Problem requirements – The listing that follows should be copied in full and exactly, with no pictures.

Raw data –
◆ ◆ ◆

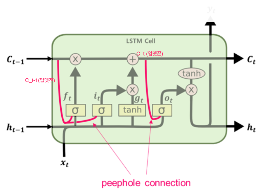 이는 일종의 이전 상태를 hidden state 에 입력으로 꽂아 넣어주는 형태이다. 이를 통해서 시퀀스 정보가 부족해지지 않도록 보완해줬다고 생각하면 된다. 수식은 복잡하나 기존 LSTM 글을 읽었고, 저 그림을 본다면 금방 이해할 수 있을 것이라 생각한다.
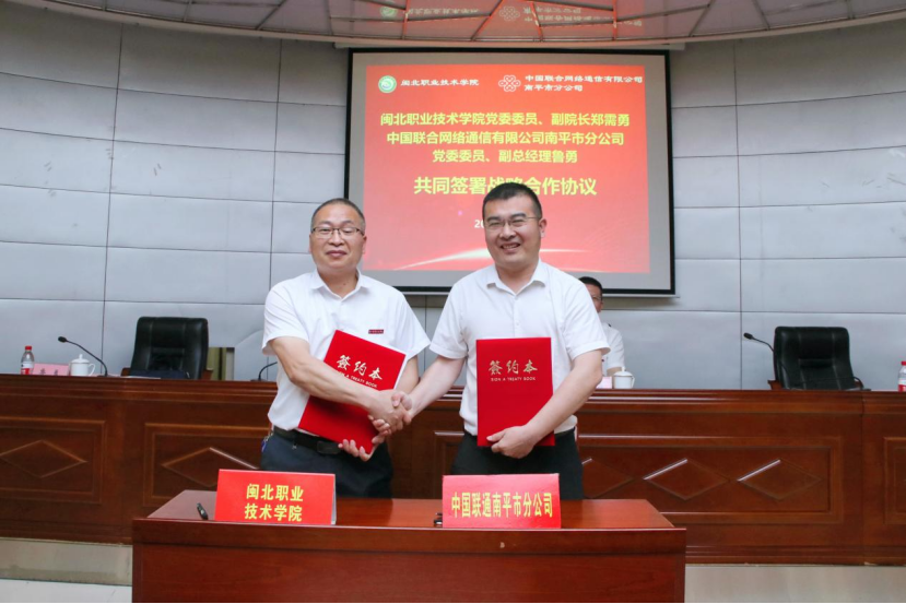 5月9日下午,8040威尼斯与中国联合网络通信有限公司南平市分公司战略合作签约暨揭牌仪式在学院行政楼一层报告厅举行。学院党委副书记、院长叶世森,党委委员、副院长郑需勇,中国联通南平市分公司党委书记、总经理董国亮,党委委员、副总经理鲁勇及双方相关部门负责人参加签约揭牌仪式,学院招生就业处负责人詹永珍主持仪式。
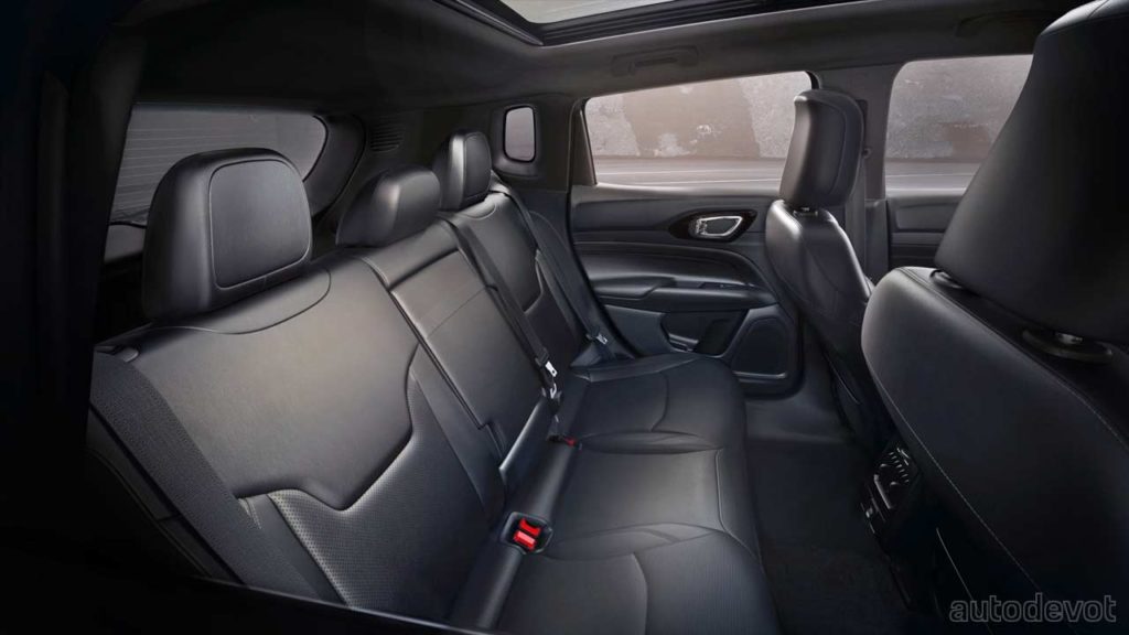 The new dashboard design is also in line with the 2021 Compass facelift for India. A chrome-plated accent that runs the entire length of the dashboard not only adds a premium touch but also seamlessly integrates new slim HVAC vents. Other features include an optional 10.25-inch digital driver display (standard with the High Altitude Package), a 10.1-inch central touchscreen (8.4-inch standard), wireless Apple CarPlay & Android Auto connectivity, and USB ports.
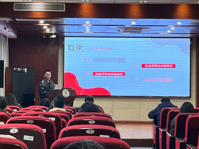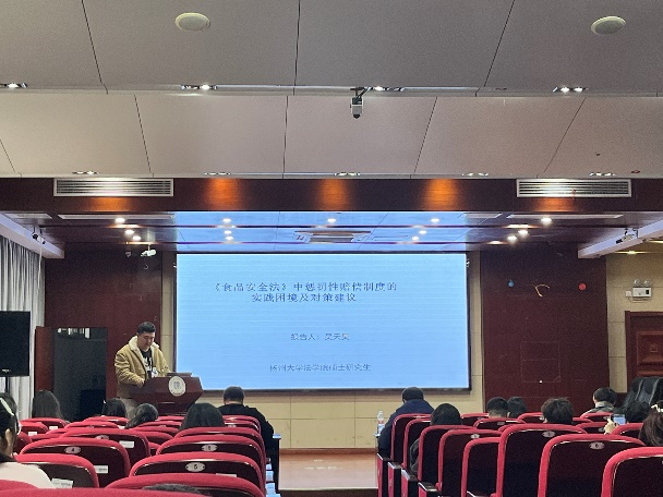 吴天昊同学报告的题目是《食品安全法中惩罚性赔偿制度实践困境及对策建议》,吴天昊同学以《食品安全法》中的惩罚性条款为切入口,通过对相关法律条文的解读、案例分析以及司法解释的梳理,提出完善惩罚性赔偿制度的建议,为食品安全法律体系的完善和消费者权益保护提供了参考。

◆ ◆ ◆

Exercise answer –
 이는 일종의 이전 상태를 hidden state 에 입력으로 꽂아 넣어주는 형태이다. 이를 통해서 시퀀스 정보가 부족해지지 않도록 보완해줬다고 생각하면 된다. 수식은 복잡하나 기존 LSTM 글을 읽었고, 저 그림을 본다면 금방 이해할 수 있을 것이라 생각한다.
 5月9日下午,8040威尼斯与中国联合网络通信有限公司南平市分公司战略合作签约暨揭牌仪式在学院行政楼一层报告厅举行。学院党委副书记、院长叶世森,党委委员、副院长郑需勇,中国联通南平市分公司党委书记、总经理董国亮,党委委员、副总经理鲁勇及双方相关部门负责人参加签约揭牌仪式,学院招生就业处负责人詹永珍主持仪式。
 The new dashboard design is also in line with the 2021 Compass facelift for India. A chrome-plated accent that runs the entire length of the dashboard not only adds a premium touch but also seamlessly integrates new slim HVAC vents. Other features include an optional 10.25-inch digital driver display (standard with the High Altitude Package), a 10.1-inch central touchscreen (8.4-inch standard), wireless Apple CarPlay & Android Auto connectivity, and USB ports.
 吴天昊同学报告的题目是《食品安全法中惩罚性赔偿制度实践困境及对策建议》,吴天昊同学以《食品安全法》中的惩罚性条款为切入口,通过对相关法律条文的解读、案例分析以及司法解释的梳理,提出完善惩罚性赔偿制度的建议,为食品安全法律体系的完善和消费者权益保护提供了参考。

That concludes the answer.